Ya en el primer poemario de Renée Ferrer, Hay surcos que no se llenan (1965) hay un pequeño
anticipo de esta variedad de enfoques que caracteriza su obra:
Tomaré en mis manos el polvo / de cristal diminuto del tiempo / y te haré una mujer que sea
toda / de ilusión, espuma y pensamiento. («Ofrenda»)
Y sin embargo, esta antología de intertextos procedentes de la obra ajena -a veces incluso de
la más clásica de los siglos dorados- se contrapone con versos de gran irracionalidad que no
proceden de inspiración fuera de la realidad de la poeta. Por ejemplo, en «Al trotecito blando
de Platero» (Voces sin réplica [1967]), se yuxtapone, junto a la alusión juanramoniana y la
metáfora a la Fray Luis («bajo el techo infinito»), otra evocación salida de la experiencia no
mediada del yo («la paloma claroscura del sueño») y de la circunstancia paraguaya. En un
poema de la misma colección, «A un camino», la voz poética por medio de la apóstrofe se
dirige a la vereda como hombre («amigo taciturno», «con todos los pasos de la angustia ajena
/ deshaciendo mi carne») y como sinécdoque del añorado proceso de la inmersión en la vida.

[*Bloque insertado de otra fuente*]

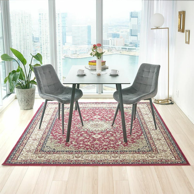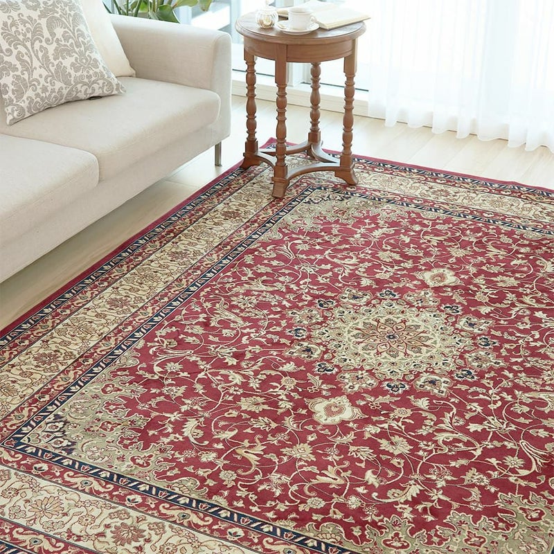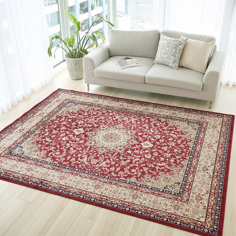 お部屋が格調高い雰囲気にまとまりそうな高級感のあるデザイン。ペルシャ絨毯の伝統柄が描かれた美しいモケット織りのラグで、素敵な空間作りをお楽しみください。

En «Guerras» (Desde el cañadón de la memoria), poema de estampa cesarvallejesca (igual
que «Circunstancia» y «¿Por qué?» de la misma colección), los campos de batalla se volverán
«albergue / de un pulso coagulado», mientras que en «Chóferes» el proceso va a la inversa,
desde la figura irracional hasta la anécdota que conserva levísimos toques oníricos. Hay un
vaivén continuo, a veces de asombrosa rapidez entre el sentimiento comprensible y la pura
irracionalidad:
El hombre es pasajero de la aurora, / sereno timonel entre los astros, / caminante de un minuto
demorado.
Va talando las horas en la huella / donde los sueños cantan / o se asfixia la sangre.
(«Circunstancia»)
Los poemas saltan entre los intertextos deliberadamente establecidos (por ejemplo, el de
«Despedida» con el famoso «Al partir» de la Avellaneda) y la insólita rememoración imaginaria
de la anécdota ausente («Trinchera»). Por primera vez, los poemas de Desde el cañadón
también ponen de manifiesto la necesidad de obscurecer la anécdota totalizadora de la
colección (la Guerra del Chaco, 1932-1935) para hacer resaltar la universalidad de la
experiencia: la tragedia de la muerte humana, las barreras y potencias impuestas por la
memoria y la imaginación.
Dos de estos primeros poemarios merecen comentario aparte por dirigirse a un público
especial: Cascarita de nuez, ya mencionada, y Galope (1983). Cascarita de nuez representa
una poesía infantil con plasticidad y perspectivas que pueden apreciar tanto los niños como
sus padres. Es una poesía calculada para producir en el adulto y el anciano futuros, por medio
de imágenes, pequeñas moralejas implícitas y ritmos claros, una cristalización de
observaciones y memorias captadas durante los años intermedios. Galope, al contrario, es
una breve colección de muy variada poesía, si no estrictamente infantil, de gustos sencillos
y dirigida a los niños y a las niñas de corazón. Su lirismo de primera persona produce un
efecto parecido al de Marinero en tierra de Alberti, pero con composiciones más extensas y
una métrica más controlada.
Ferrer se encuentra entre los pocos poetas que todavía saben versificar bien y que no se
ruborizan de utilizar verso tradicional cuando se les ocurre expresarse de esta forma –
Claudio Rodríguez, Antonio Colinas, María victoria Atencia, Claribel Alegría, Clara Janés, Ana
Rosetti – y puede ser que sea la mejor del grupo en versificar sin violencias los acentos
obligatorios.
Amar sin tregua y odiar con desacierto. / Llenarse los bolsillos, dilapidar el tiempo.